### What the task requires
The answer must be an exact copy of the lines from the one with "朝礼後にみんなで大掃除をして" to the last line of the entries below, both included, and must contain no pictures.

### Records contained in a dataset

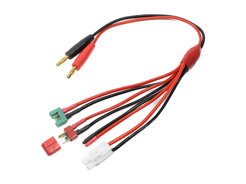 Nabíjecí kabel s banánky 4 mm a paralelně zapojenými konektory - Tamyia, Deans, MPX (přistroj) a pár volných kabelů. Kabel má průřez 16AWG.
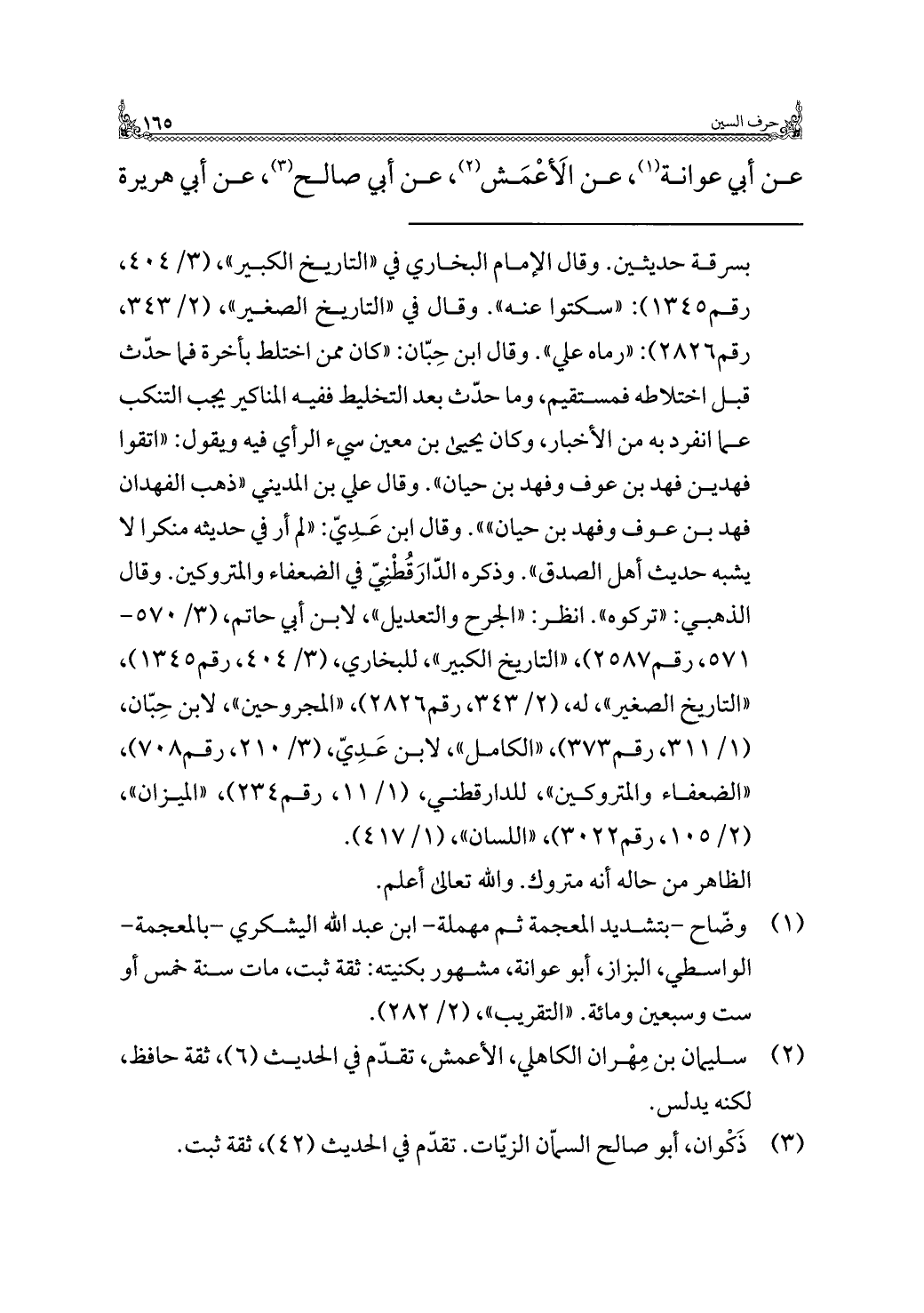 (¬١) وضّاح -بتشديد المعجمة ثم مهملة- ابن عبد اللَّه اليشكري -بالمعجمة- الواسطي، البزاز، أبو عوانة، مشهور بكنيته: ثقة ثبت، مات سنة خمس أو ست وسبعين ومائة. "التقريب"، (٢/ ٢٨٢).
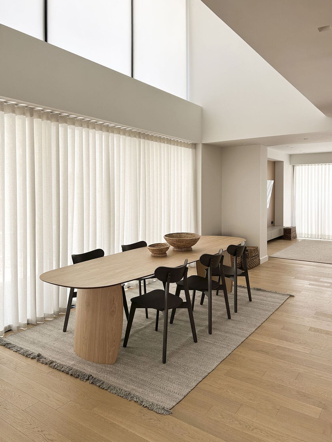 Φινιρίσματα: δρυς, καρυδιά & ζεστό γκρι. Οβάλ μεγέθη, με δύο πόδια πετάλων: 100 x 200, 100 x 240 cm Στρογγυλό μέγεθος, με τρία μικρότερα πόδια πετάλου: Ø 120 cm
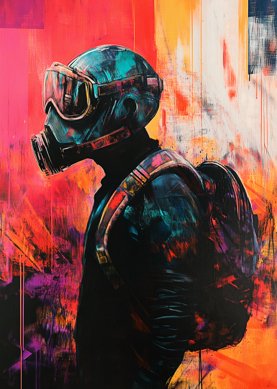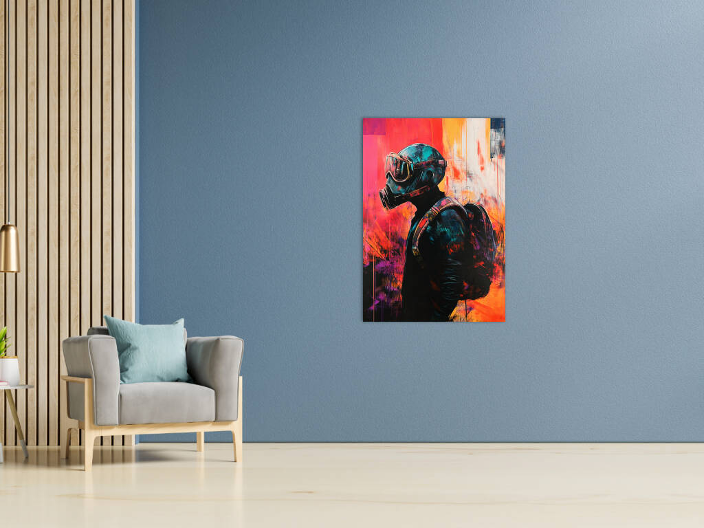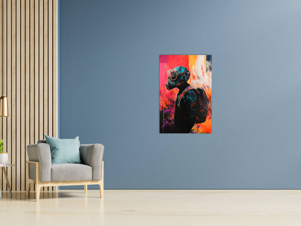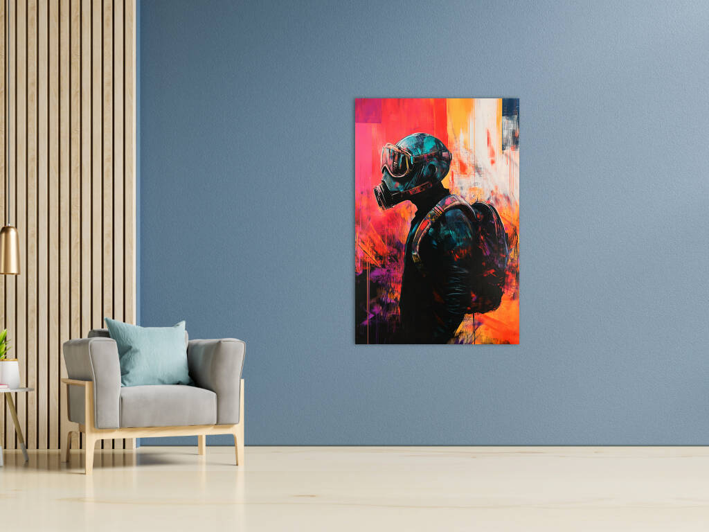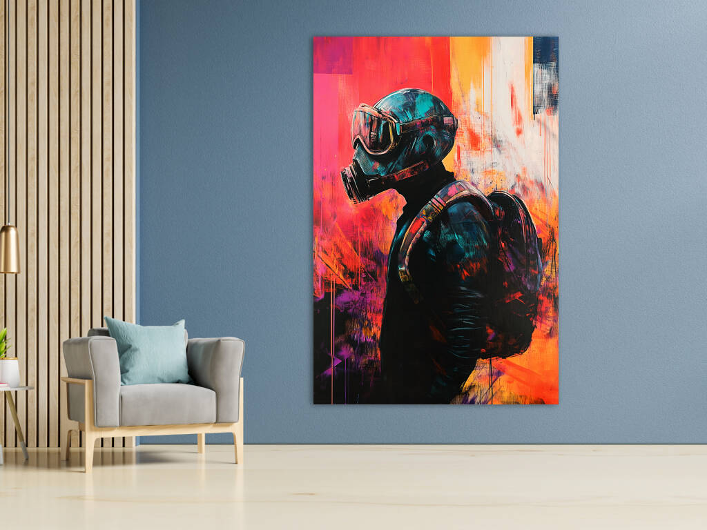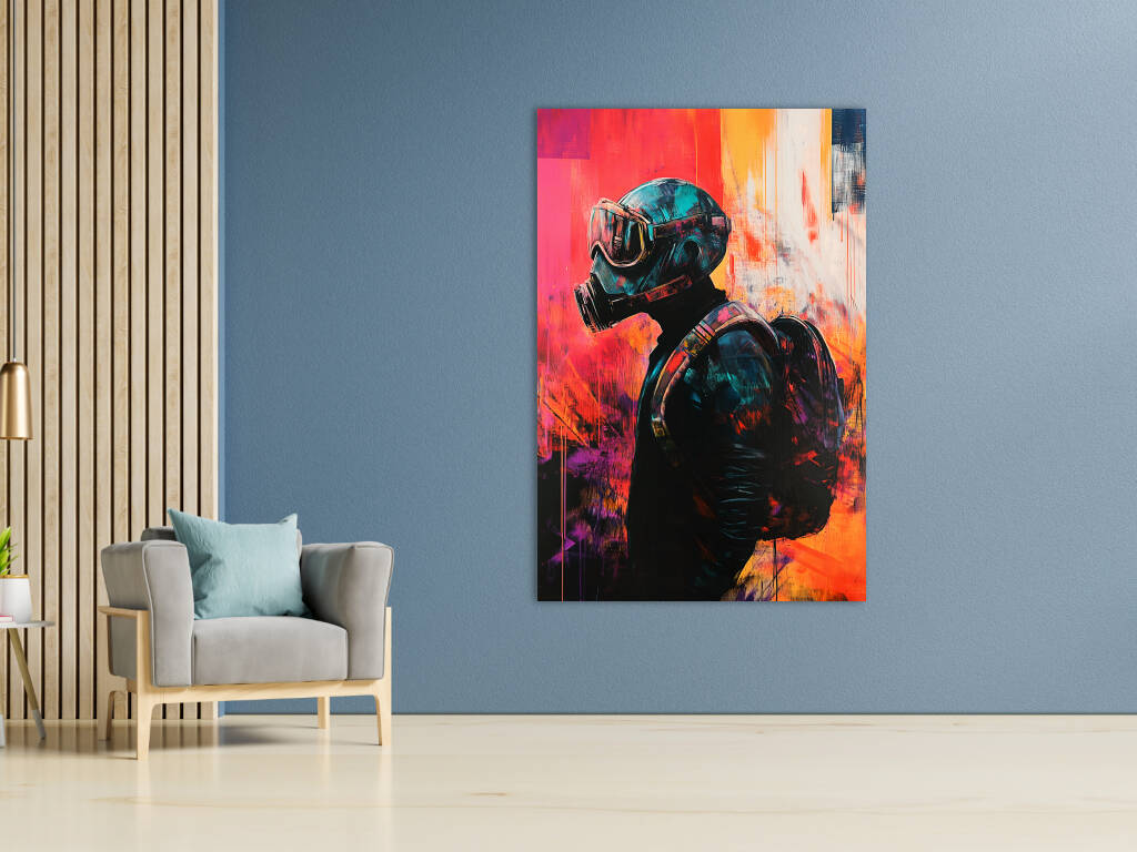Pandemic presenteert een krachtige artistieke interpretatie van onze moderne tijd waarin een figuur met gasmasker wordt omgeven door expressieve verfstreken in levendige oranje, rode en blauwe tinten. De grunge-achtige texturen en de abstracte kleurvlakken creëren een gevoel van chaos en verandering, terwijl de centrale figuur stoicisme en doorzettingsvermogen uitstraalt. De street art-esthetiek en de rauwe energie van het kunstwerk maken het tot een krachtige sociale commentaar. Dit provocerende kunstwerk brengt de complexiteit van onze tijd tot uiting en nodigt uit tot reflectie over veerkracht en aanpassing.
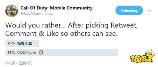 扩展阅读:推特投票《绝地求生》与《使命召唤手游》谁更好玩?近八成选择《使命召唤手游》
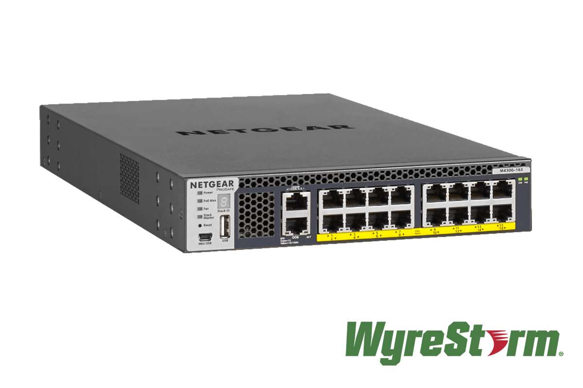 Модель WyreStorm M4300-XSM4316PA-16X имеет 16 портов 10 Гб/с с поддержкой PoE+ до 600 Вт.
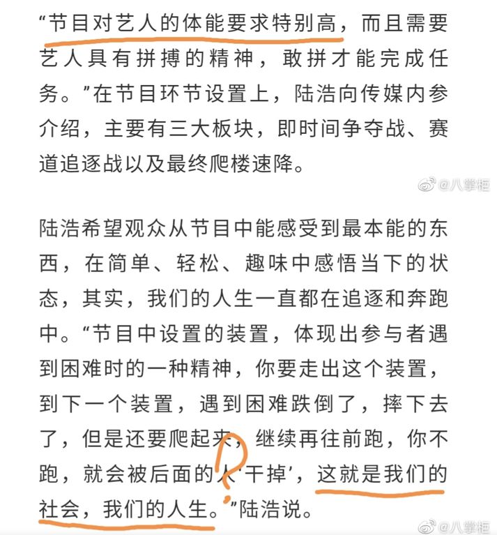在没出事之前,《追我吧》的幕后主创接受采访时,还骄傲地说他们的节目就是要让艺人拼搏、跌倒了还要继续坚持,否则就要被“干掉”。
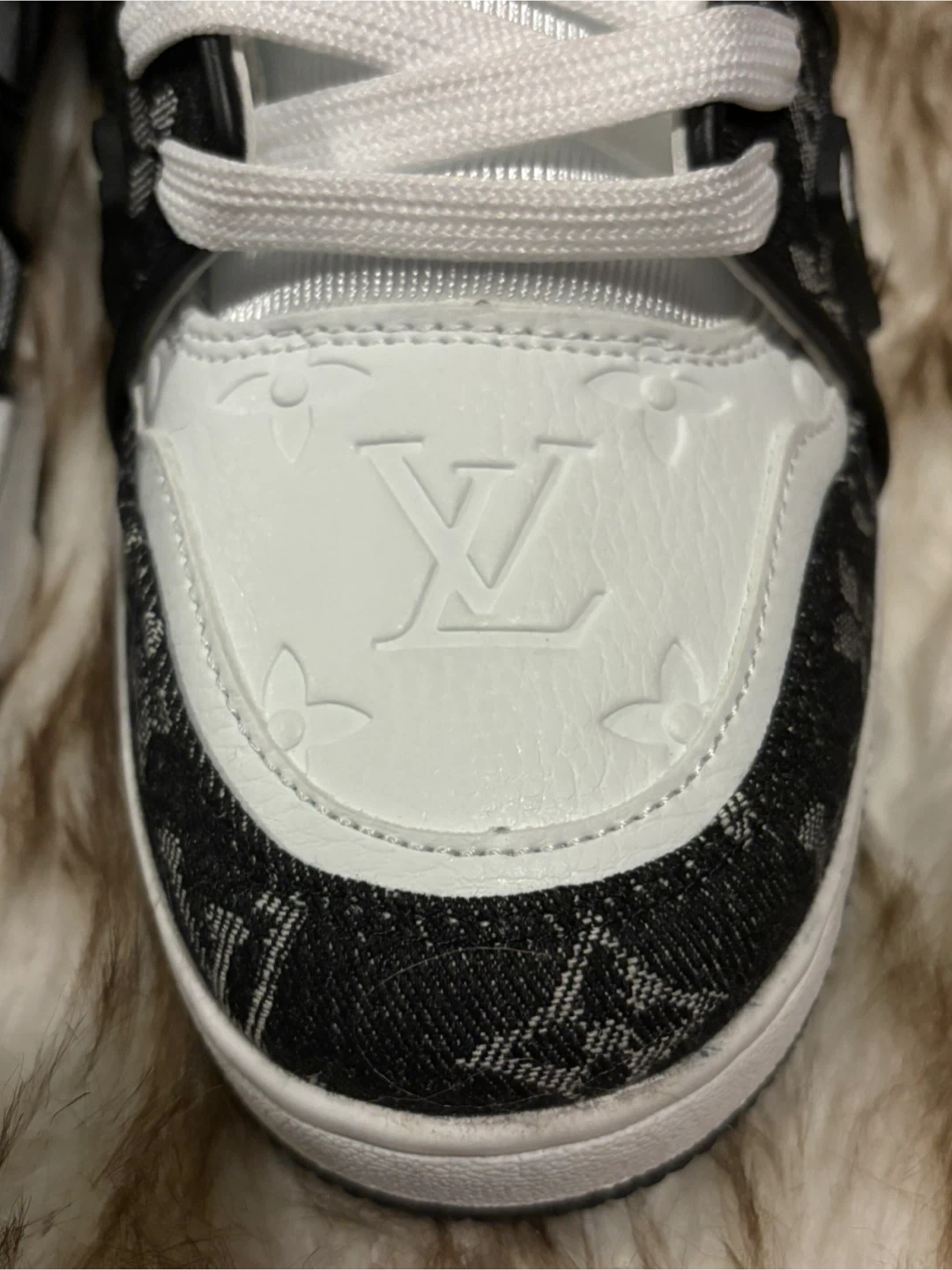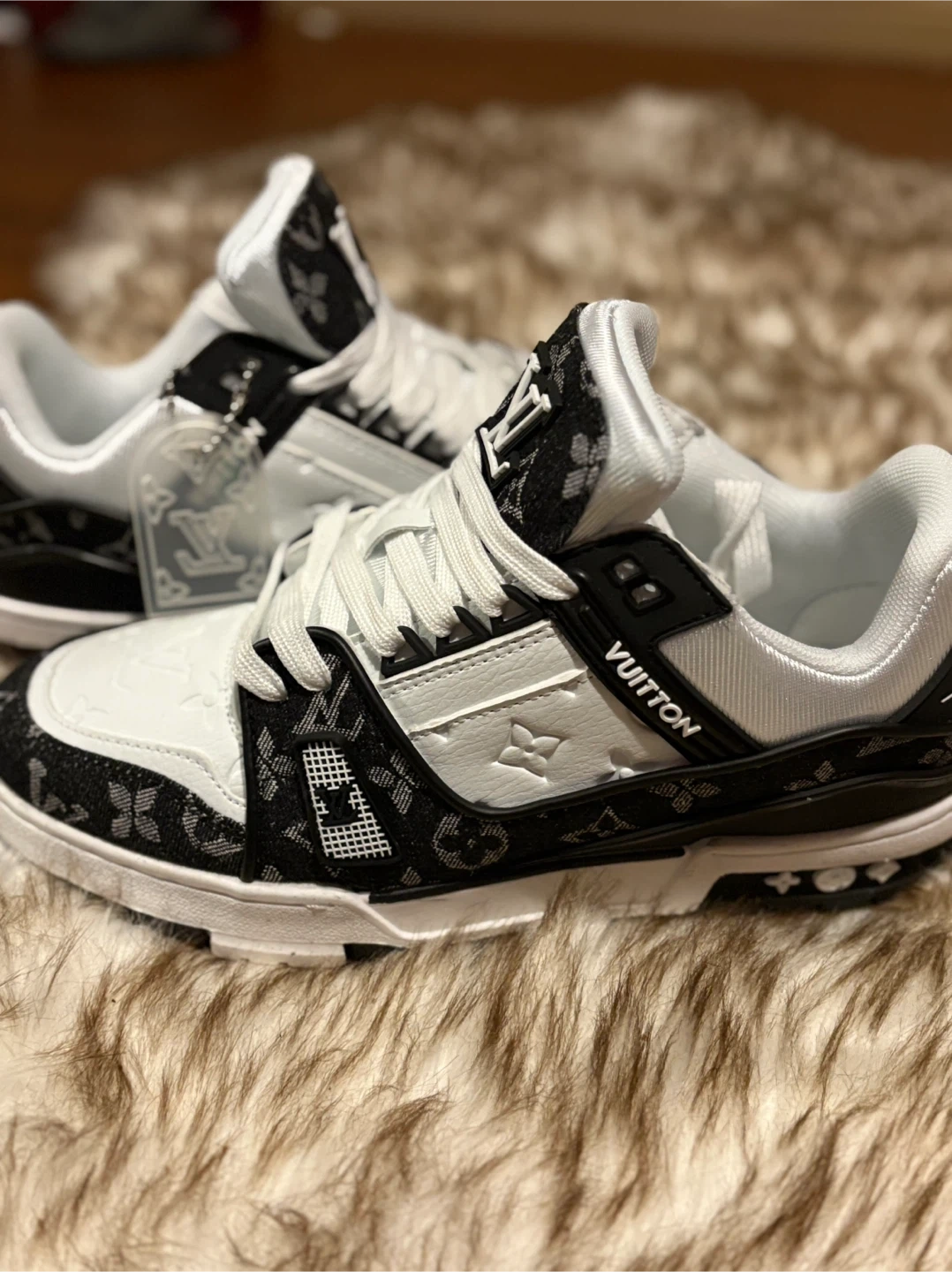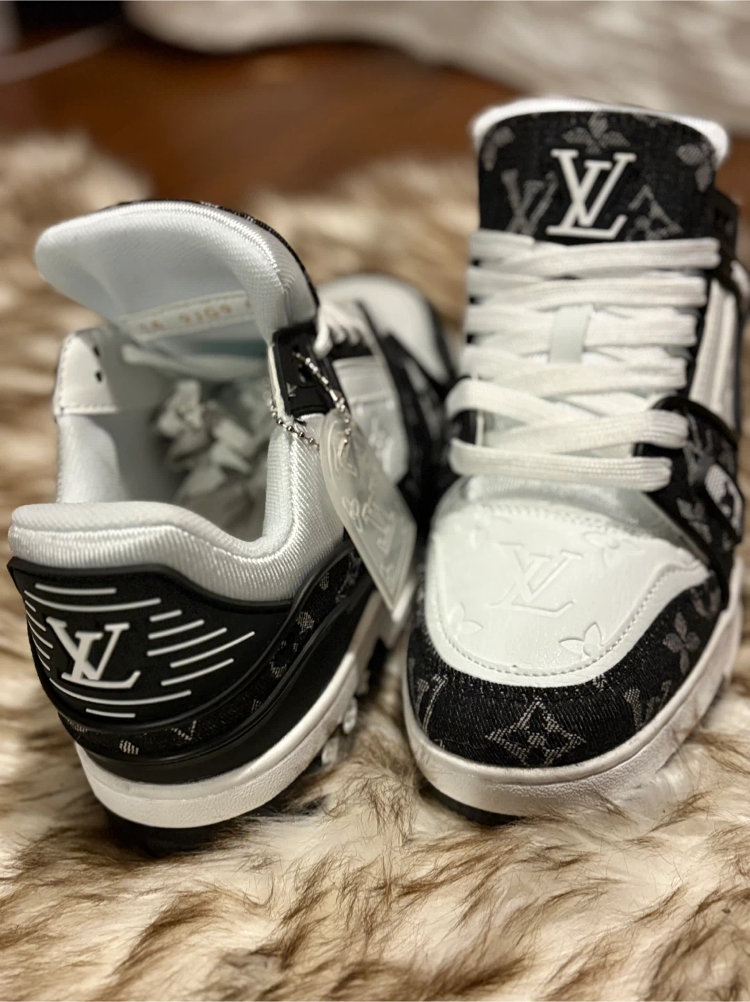 Selling a pair of Louis Vuitton sneakers in black and white. They feature the iconic LV logo and a stylish design. Great for adding a touch of luxury to your everyday look!
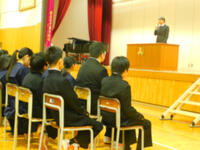 朝礼後にみんなで大掃除をして、体育館で令和8年度の前期生徒会執行部の任命式と2学期終業式を行いました。
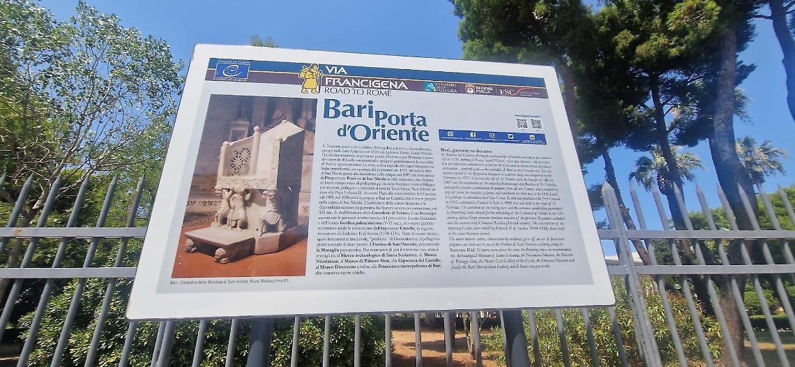 BARI - La città di Bari aggiunge un nuovo tassello alla propria vocazione culturale e spirituale, completando l’infrastrutturazione dell’itinerario urbano della Via Francigena, il percorso europeo che da Canterbury conduce fino a Santa Maria di Leuca. Il tratto barese, da Santo Spirito a Torre a Mare, è ora dotato di nuove segnalazioni, installazioni artistiche e pannelli informativi, in linea con gli standard internazionali dei grandi cammini.

### Completed task
 朝礼後にみんなで大掃除をして、体育館で令和8年度の前期生徒会執行部の任命式と2学期終業式を行いました。
 BARI - La città di Bari aggiunge un nuovo tassello alla propria vocazione culturale e spirituale, completando l’infrastrutturazione dell’itinerario urbano della Via Francigena, il percorso europeo che da Canterbury conduce fino a Santa Maria di Leuca. Il tratto barese, da Santo Spirito a Torre a Mare, è ora dotato di nuove segnalazioni, installazioni artistiche e pannelli informativi, in linea con gli standard internazionali dei grandi cammini.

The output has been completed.